Activity | If pictures are present, leave them out, and copy the data word for word.

Stored items from a collection |
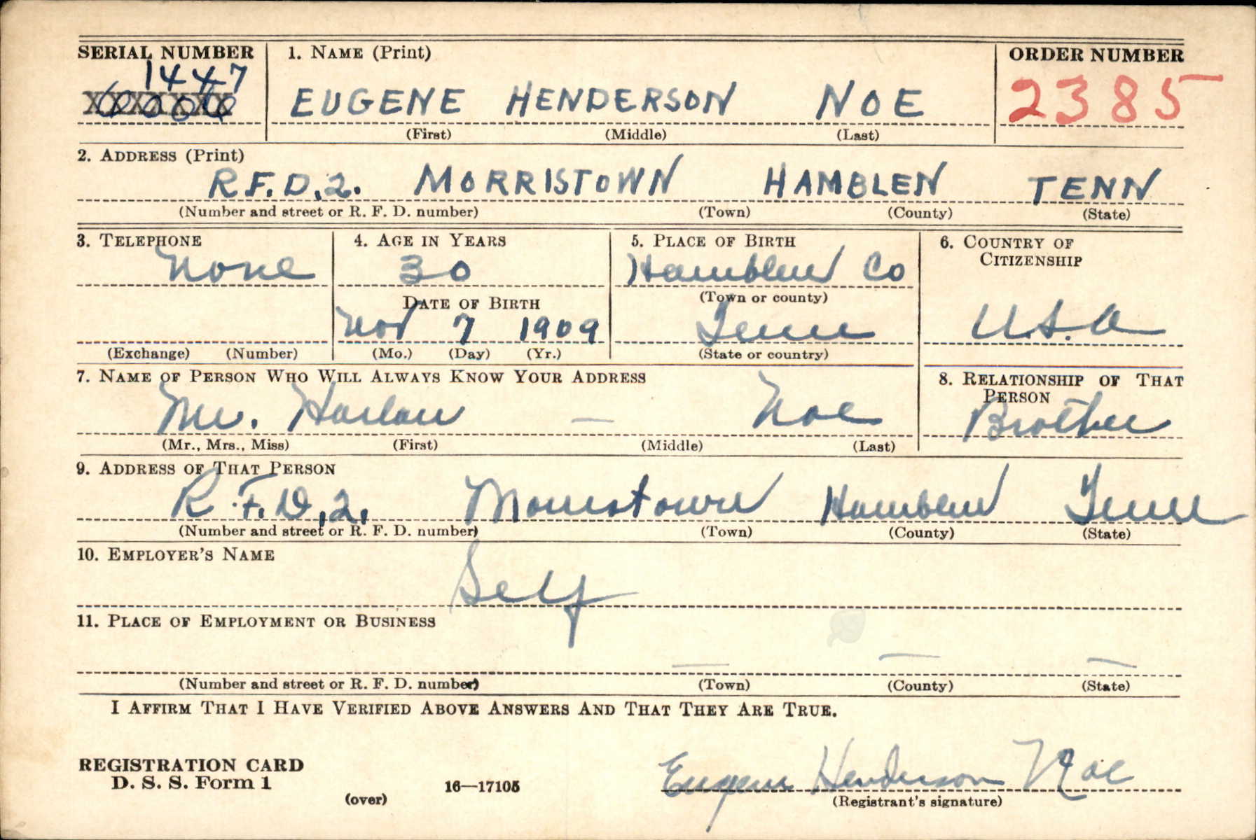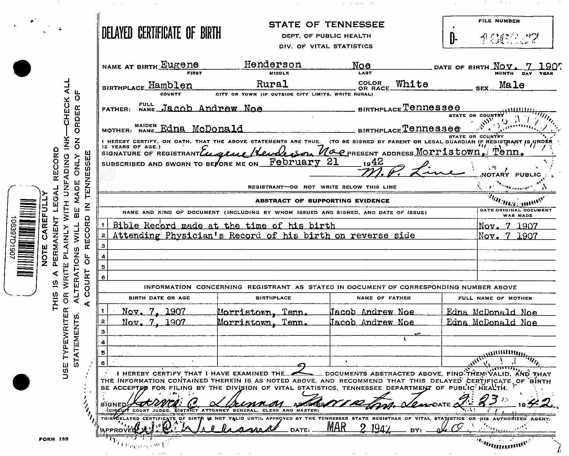 Eugene Henderson Noe was born on 7 November 1907, Rural, Hamblen County, Tennessee, the son of Jacob Andrew Noe and Edna McDonald.
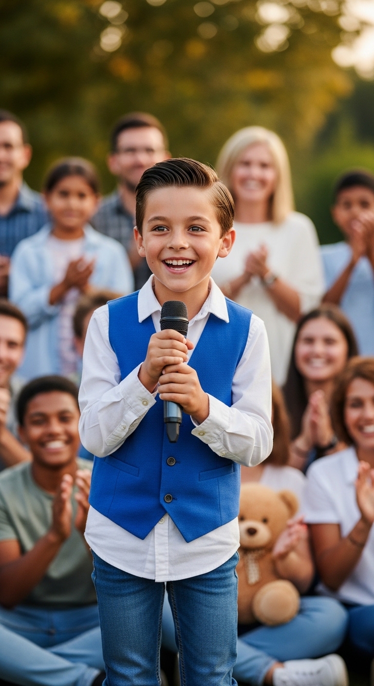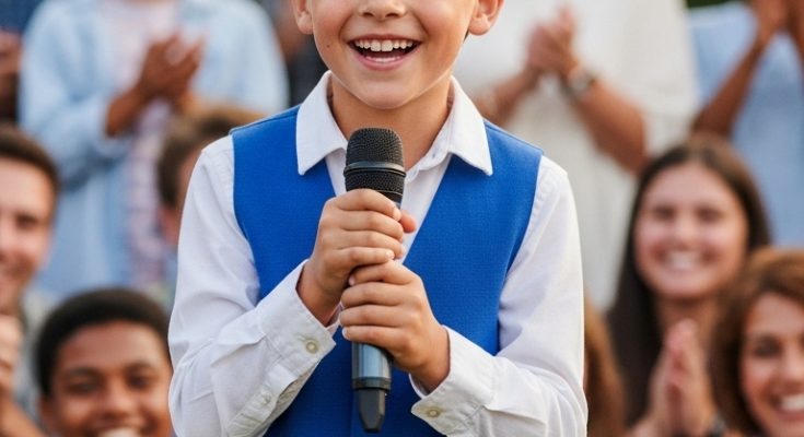 A smiling young boy holds a microphone while a supportive crowd behind him claps and cheers.
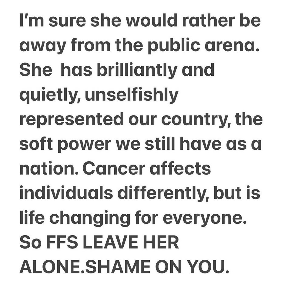 Αναφερόμενος στην περιπέτεια της Κέιτ με την υγεία της πρόσθεσε: «Ο καρκίνος επηρεάζει τον καθένα διαφορετικά, αλλά αλλάζει τη ζωή όλων. Γι’ αυτό, αφήστε την επιτέλους ήσυχη. Ντροπή σας».
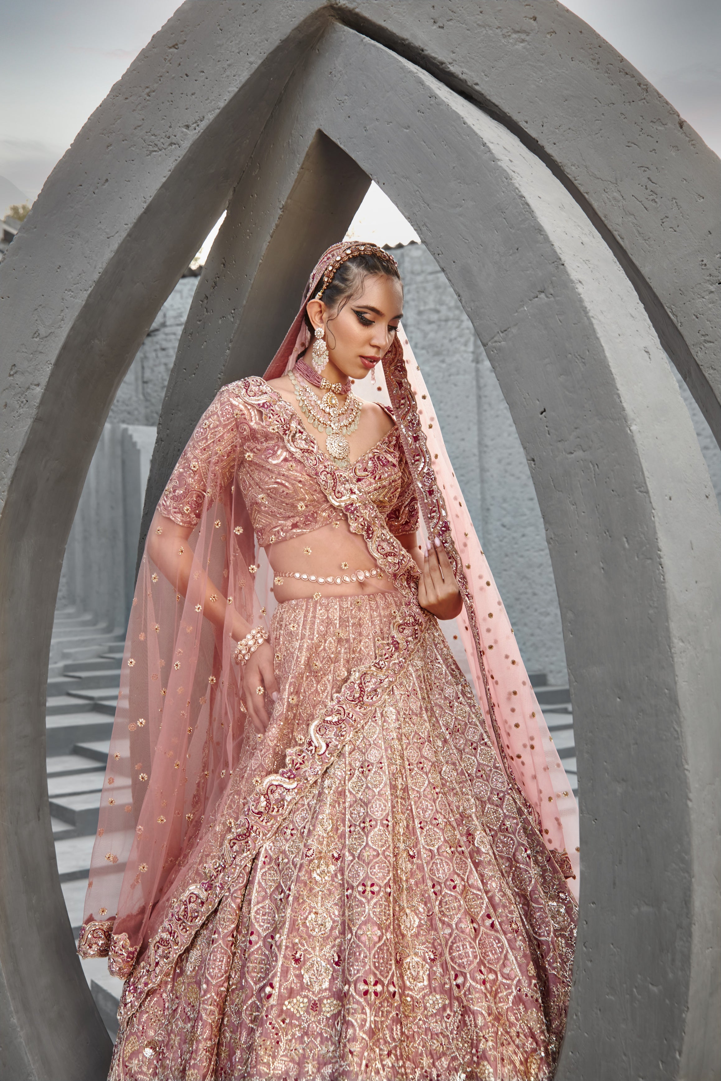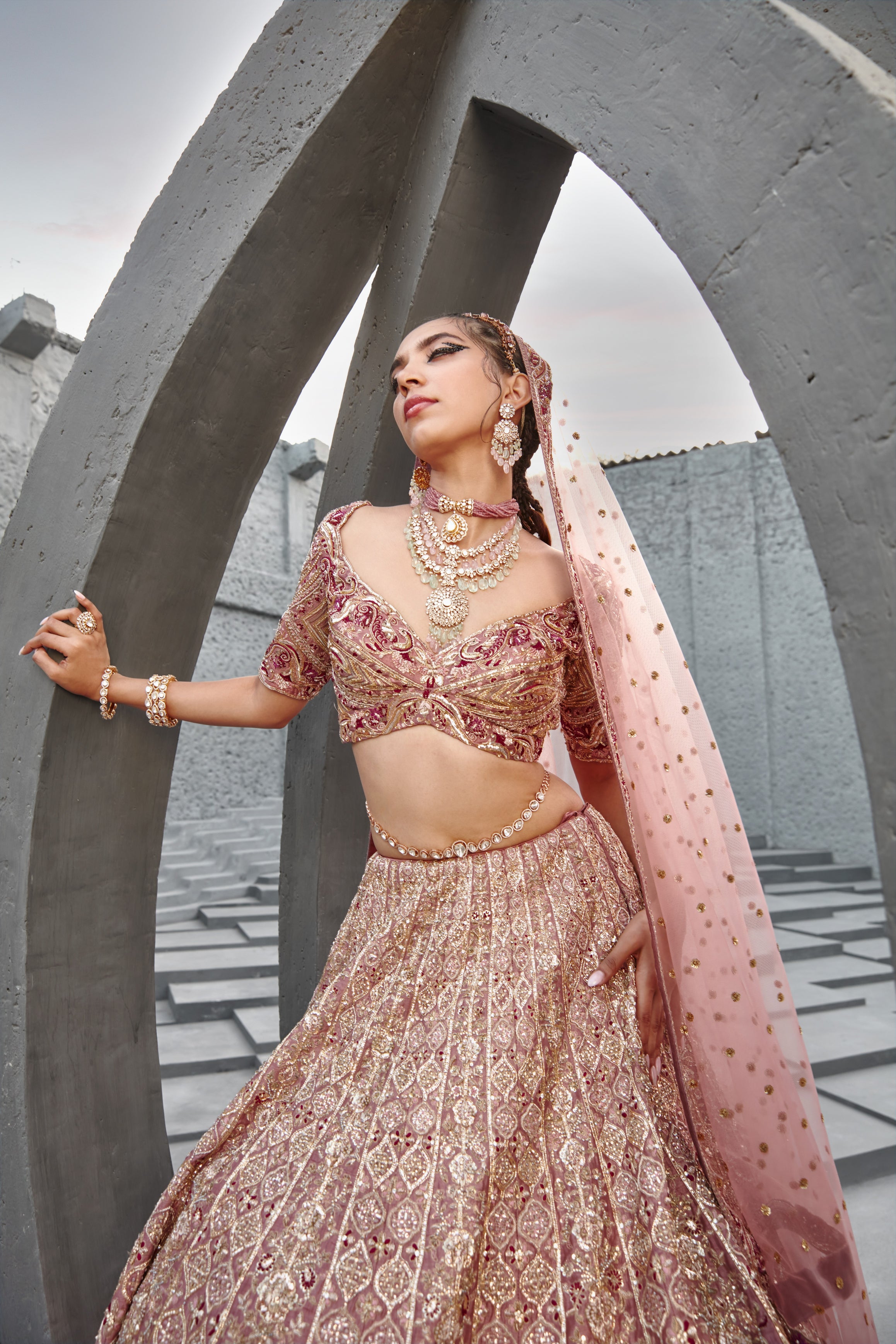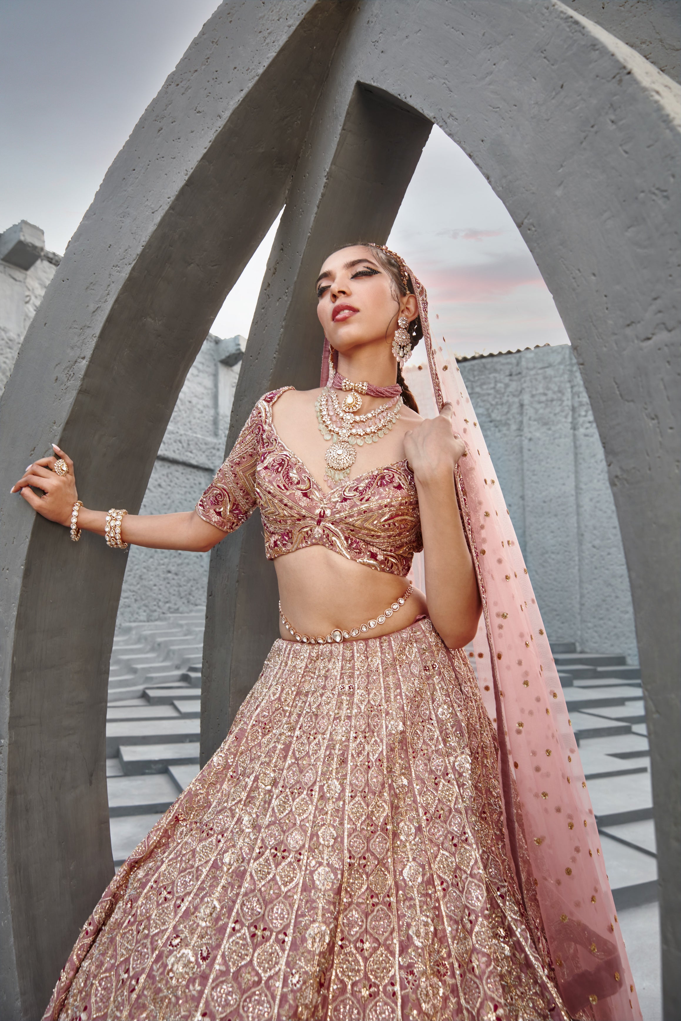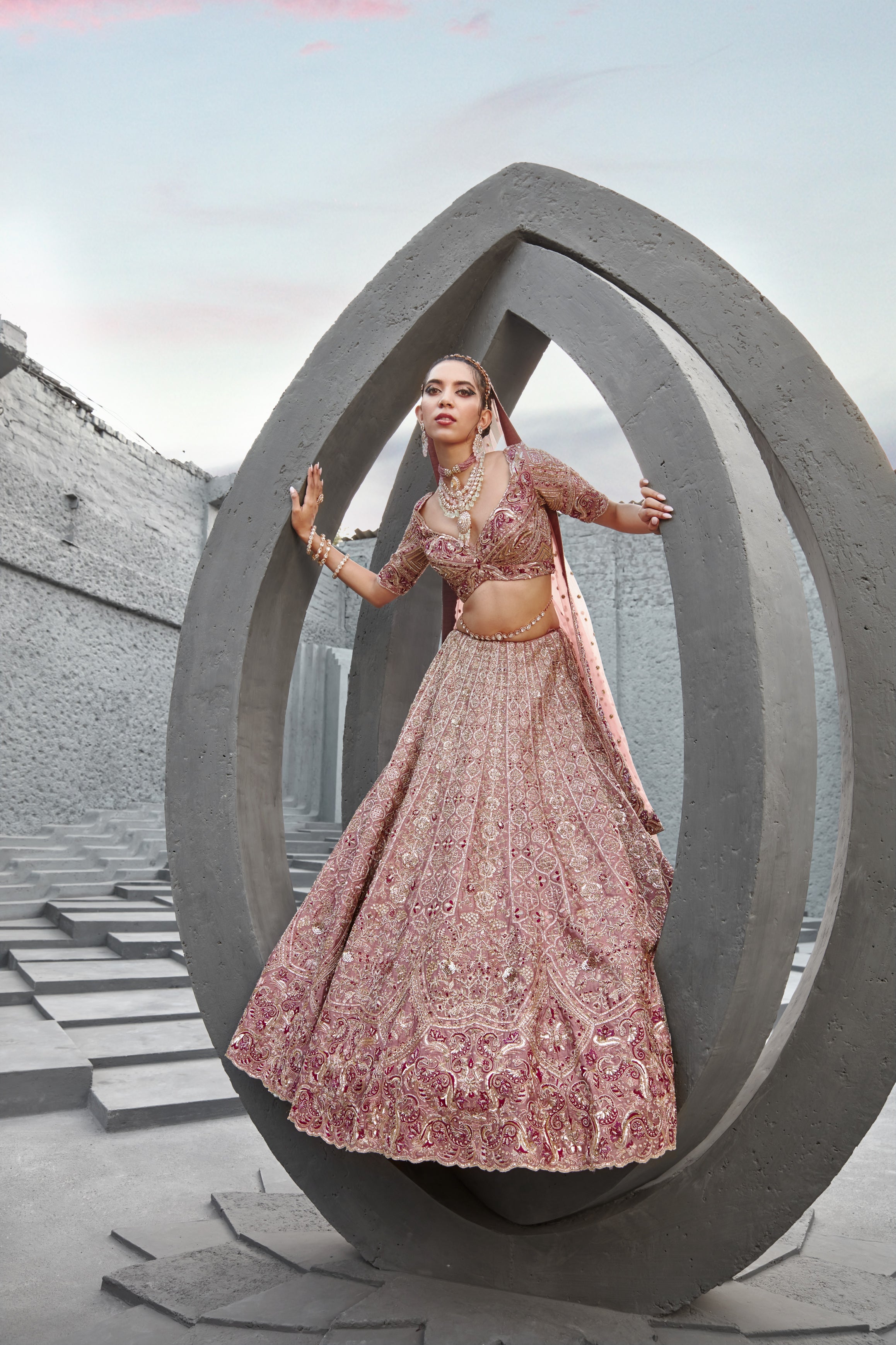Featuring an aurora pink raw silk bridal lehenga set paired with a butterfly net base dupatta with pink wine thread, rose gold zardozi, and aari embroidery.
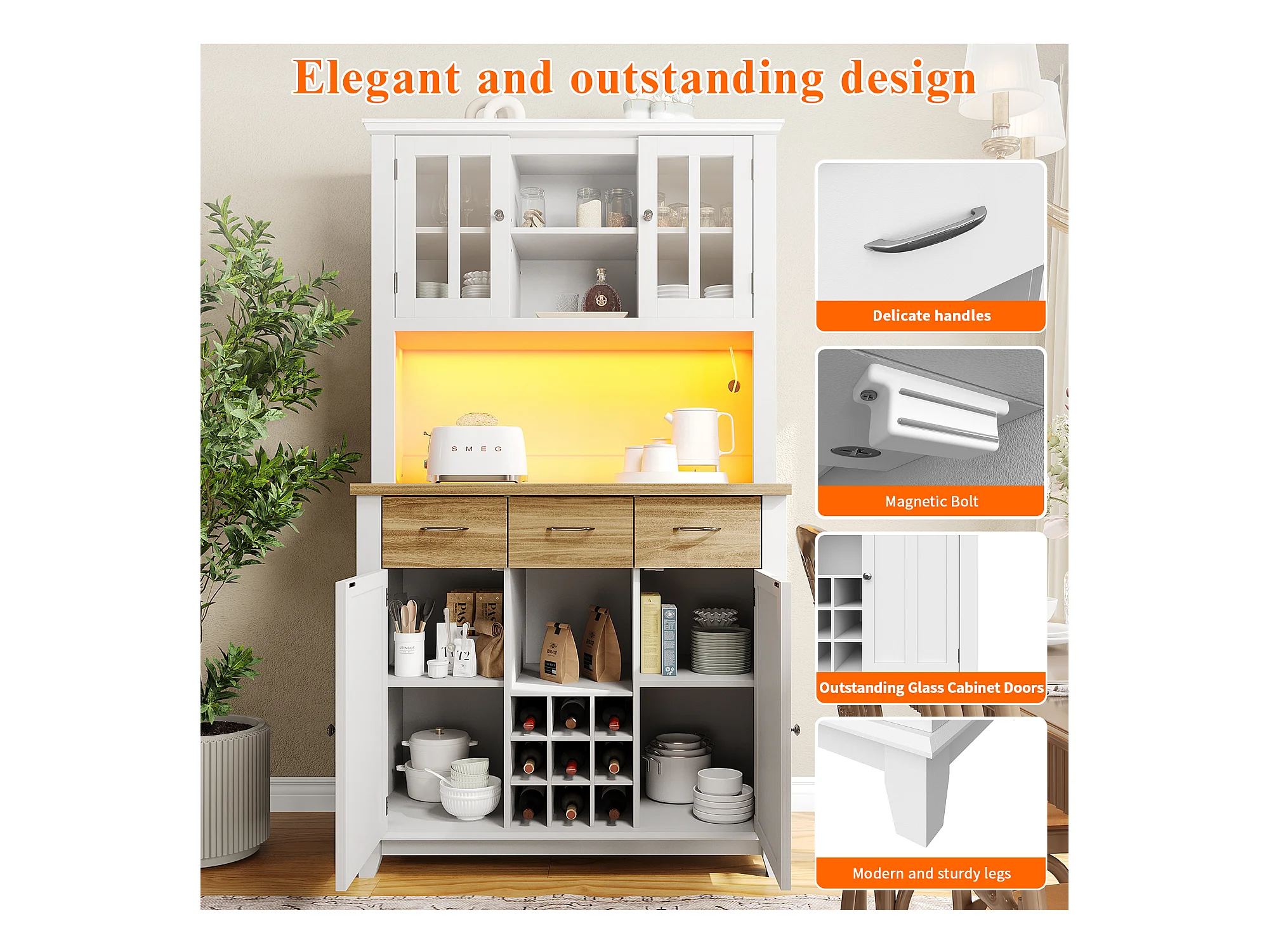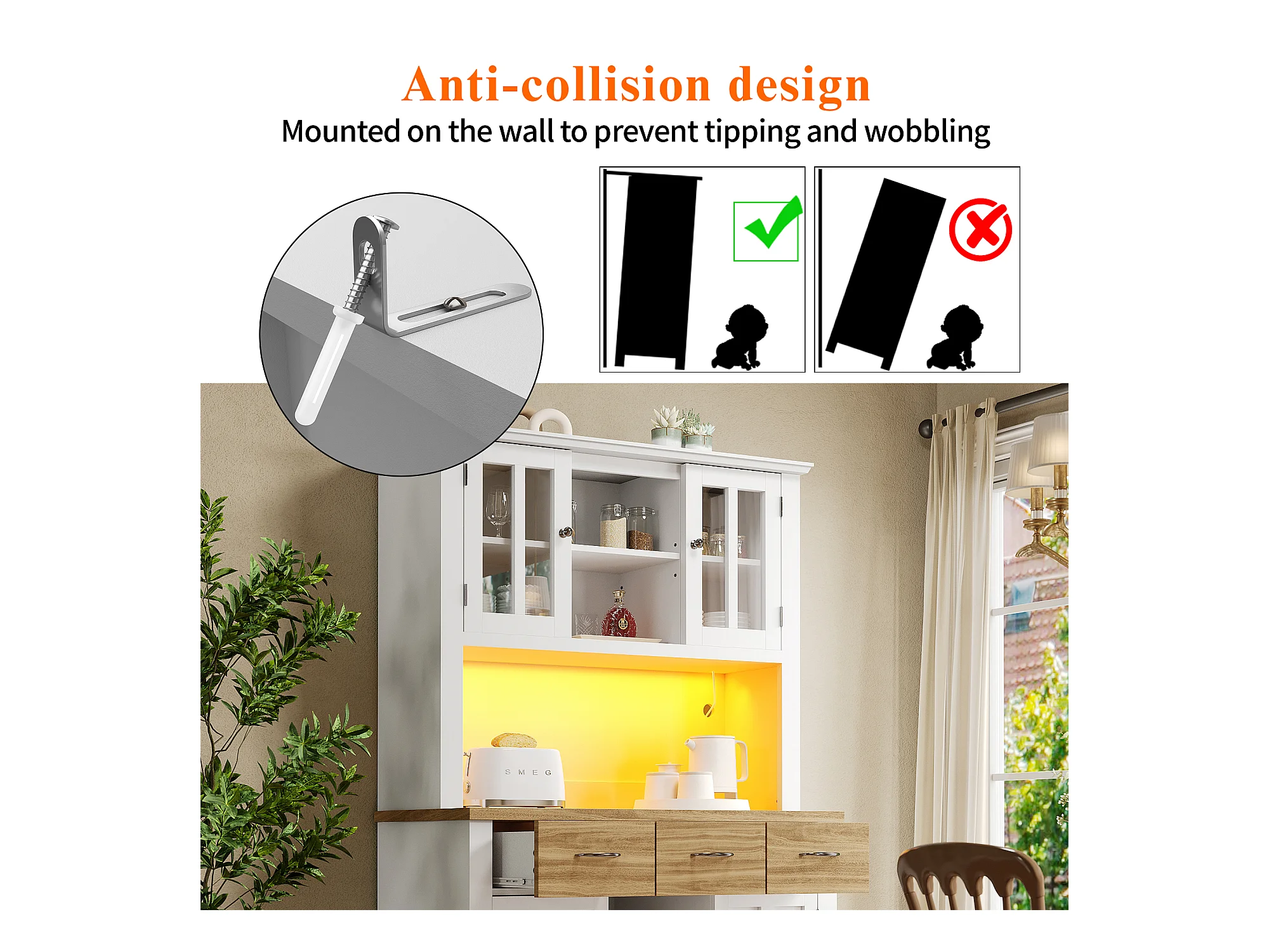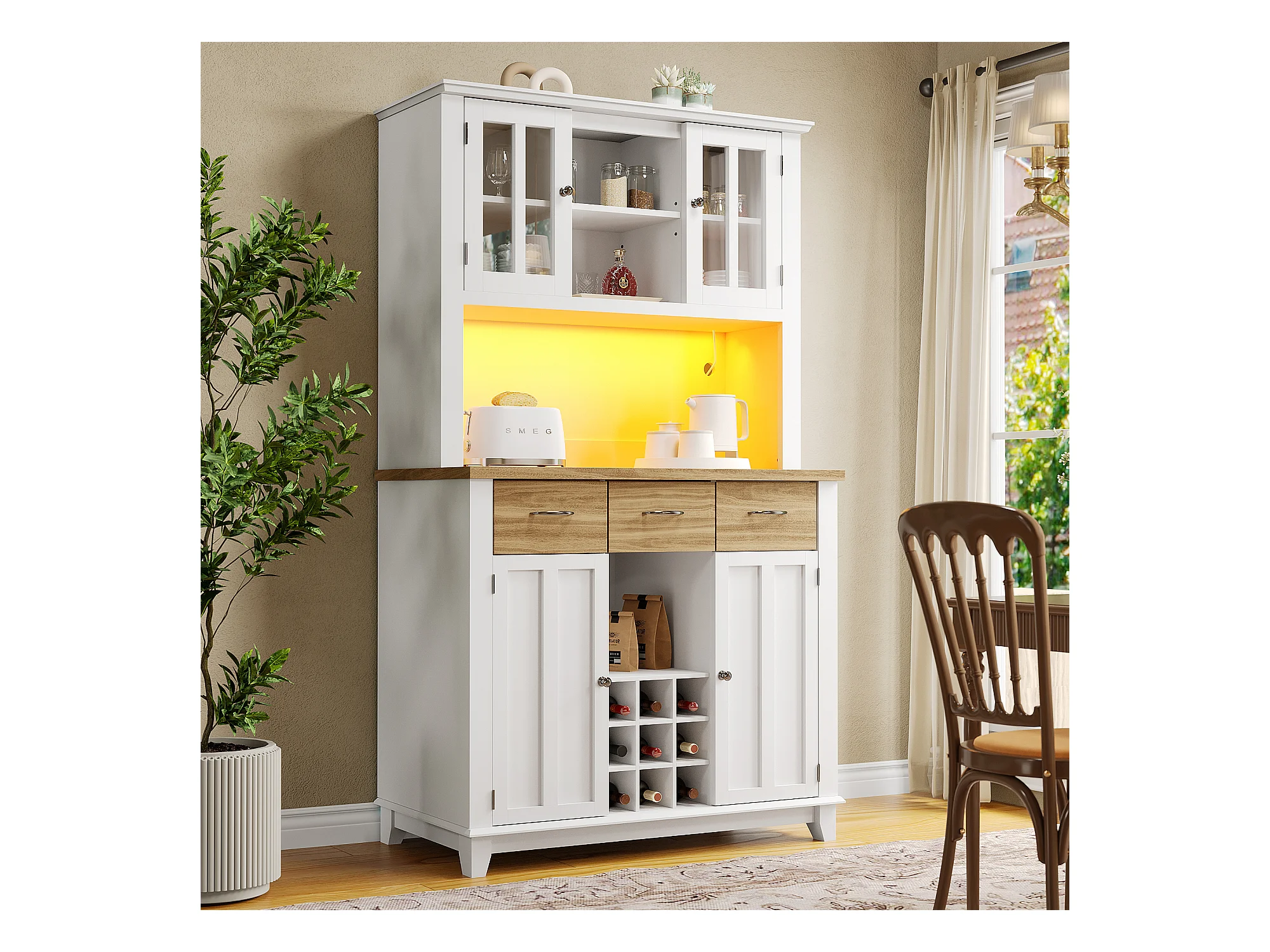 Armoire de cuisine avec éclairage LED, rangement spacieux, MDF, blanc (106x40x179.5 cm)

Response |
 Eugene Henderson Noe was born on 7 November 1907, Rural, Hamblen County, Tennessee, the son of Jacob Andrew Noe and Edna McDonald.
 A smiling young boy holds a microphone while a supportive crowd behind him claps and cheers.
 Αναφερόμενος στην περιπέτεια της Κέιτ με την υγεία της πρόσθεσε: «Ο καρκίνος επηρεάζει τον καθένα διαφορετικά, αλλά αλλάζει τη ζωή όλων. Γι’ αυτό, αφήστε την επιτέλους ήσυχη. Ντροπή σας».
Featuring an aurora pink raw silk bridal lehenga set paired with a butterfly net base dupatta with pink wine thread, rose gold zardozi, and aari embroidery.
 Armoire de cuisine avec éclairage LED, rangement spacieux, MDF, blanc (106x40x179.5 cm)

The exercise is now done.